- Boundary of North Cotswolds in South West England
- County: Gloucestershire
- Electorate: 70,915 (2023)
- Major settlements: Bourton-on-the-Water, Brockworth, Chipping Campden, Churchdown, Minchinhampton, Moreton-in-Marsh,Stow-on-the-Wold

Current constituency
- Created: 2024
- Member of Parliament: Geoffrey Clifton-Brown (Conservative)
- Seats: One
- Created from: The Cotswolds (part), Stroud (part), Tewkesbury (part)

= North Cotswolds =

UK Parliament constituency (since 2024)

North Cotswolds is a constituency of the House of Commons in the UK Parliament. Created as a result of the 2023 review of Westminster constituencies, it was first contested at the 2024 general election, when it was won by Conservative Geoffrey Clifton-Brown, who had represented Cirencester and Tewkesbury then The Cotswolds since 1992.

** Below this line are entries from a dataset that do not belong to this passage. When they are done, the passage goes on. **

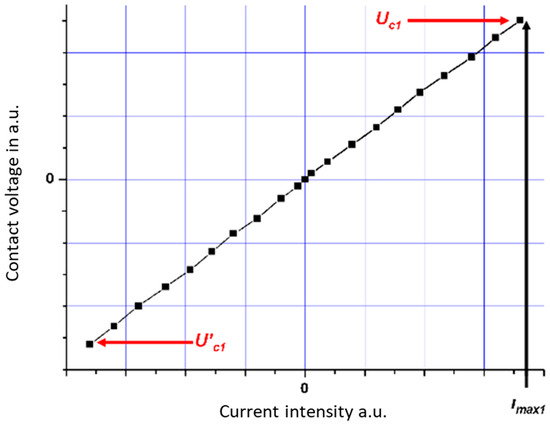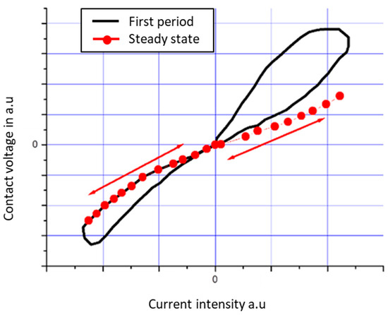 In this case, we plotted the contact voltage in arbitrary units against the instantaneous value of the current, as shown in Figure 9. This curve is valid both for the first current period and during the steady state (i.e., the following periods). An increase in voltage corresponding to a “high” contact resistance is observed, which is independent of the current value. The curve is approximately symmetrical: the maximum values of the voltages Uc1 and U’c1 seem to be opposite to one another. The current flow does not seem to have any influence on the contact resistance (i.e., on the size and nature of the contact area).
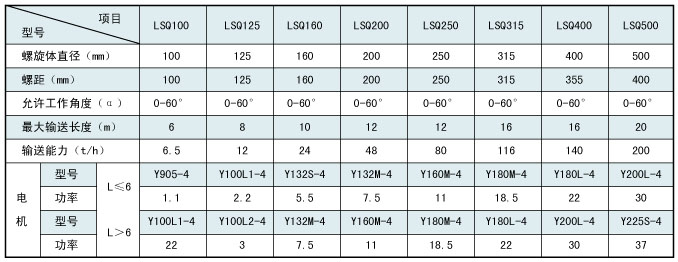 | 注:输送能力按输送物料的堆积密度P=1.2g/cm3计算。 |
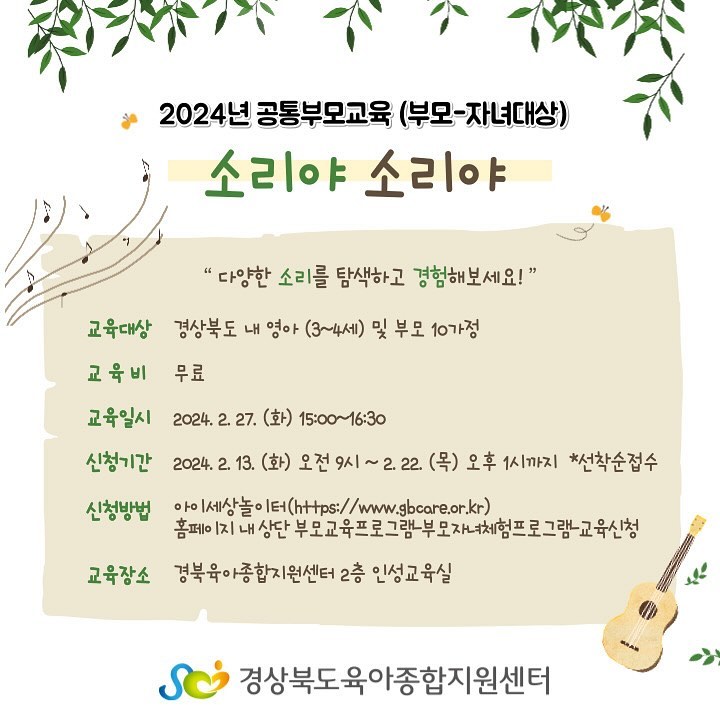 2024년 공통부모교육(부모-자녀대상) 소리야소리야 활동이 센터에서 진행됩니다^^

== Constituency profile ==
North Cotswolds is a constituency in Gloucestershire. It includes some of Gloucester's outer suburban villages (Churchdown, Brockworth, Hucclecote and Hardwicke) and a large rural area to the east of the city covering much of the Cotswolds. Settlements in the constituency include the towns of Minchinhampton, Painswick, Northleach, Stow-on-the-Wold, Moreton-in-Marsh and Chipping Campden, the village of Bourton-on-the-Water and many smaller villages.

The Cotswolds is a range of rolling hills designated as a National Landscape. The area is popular with tourists for its picturesque stone-built villages; Bourton-on-the-Water receives around 300,000 visitors each year, almost one hundred times the resident population, and Arlington Row in Bibury is depicted on the inside cover of British passports. The constituency is generally affluent with low levels of deprivation and house prices are higher than regional and national averages.

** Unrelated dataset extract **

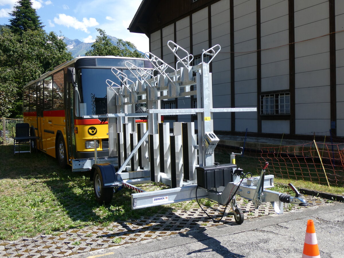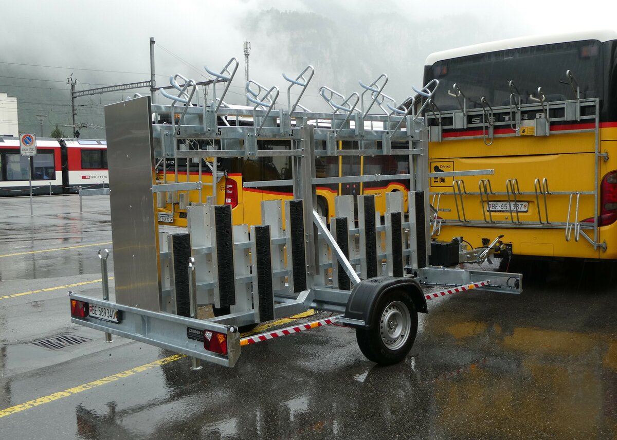 (265'624) - PostAuto Bern - BE 589'378 - Zbinden Veloanhänger am 13. August 2024 in Meiringen, Garage

North Cotswolds has a large retired population and a low proportion of young adults. In general, residents are well-educated, more religious and more likely to be homeowners compared to the rest of the country. Household income is high and the child poverty rate is low. A high proportion of residents work in professional occupations, particularly in the manufacturing and tourism sectors, and a low percentage claim unemployment benefits. White people made up 96% of the population at the 2021 census.

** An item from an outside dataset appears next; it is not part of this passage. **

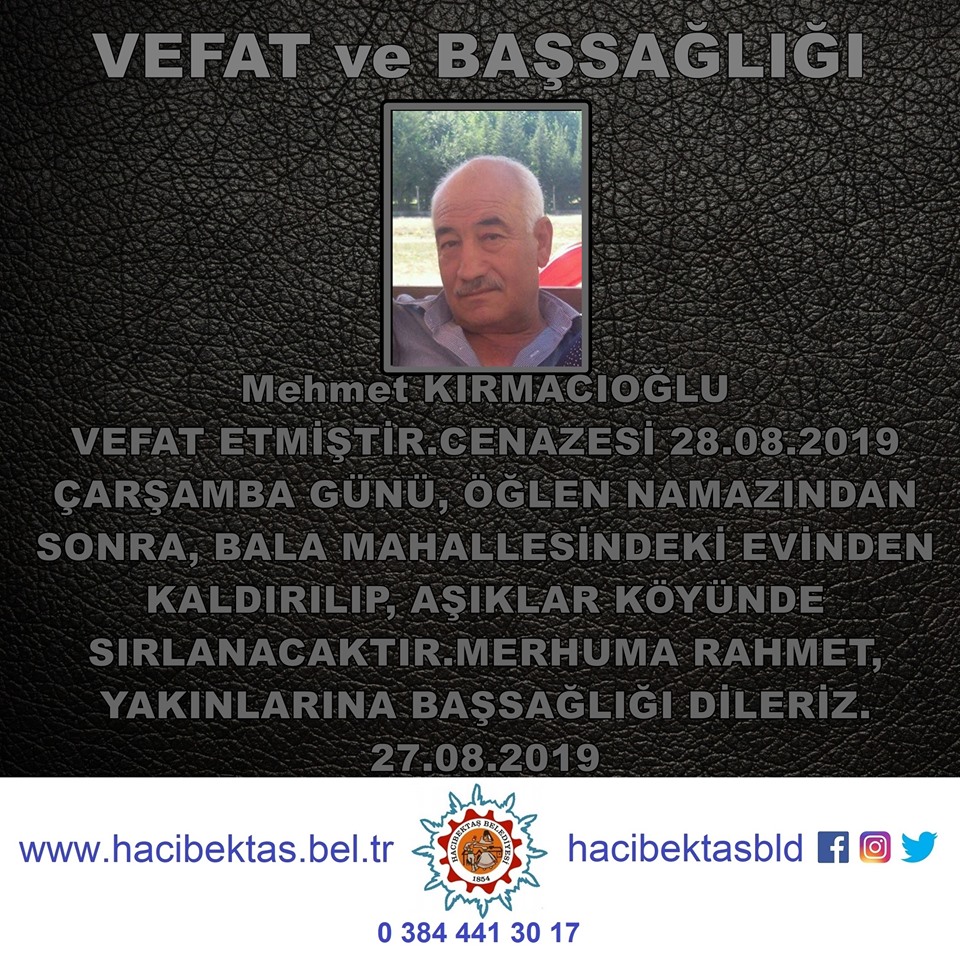 Mehmet KIRMACIOĞLU Vefat ve Başsağlığı

At the local council level, the west of the constituency (Minchinhampton and Painswick) is represented by Green Party councillors, the centre (Brockworth, Churchdown and Northleach) by Liberal Democrats and the east (Stow-on-the-Wold, Moreton-in-Marsh and Chipping Campden) by Conservatives. An estimated 52% of voters in North Cotswolds supported remaining in the European Union in the 2016 referendum, higher than the nationwide figure of 48%.

== Boundaries ==

The constituency was formed from a split of the former Cotswolds constituency, with the other half reformed as part of the new South Cotswolds constituency. The constituency is composed of the following wards (as they existed on 1 December 2020):

- The District of Cotswold wards of: Blockley; Bourton Vale; Bourton Village; Campden & Vale; Chedworth & Churn Valley; Coln Valley; Ermin; Fosseridge; Moreton East; Moreton West; Northleach; Sandywell; Stow; The Rissingtons.
- The District of Stroud wards of: Bisley; Hardwicke; Minchinhampton; Painswick & Upton.
- The Borough of Tewkesbury wards of: Badgeworth; Brockworth East; Brockworth West; Churchdown Brookfield with Hucclecote; Churchdown St. John’s; Shurdington.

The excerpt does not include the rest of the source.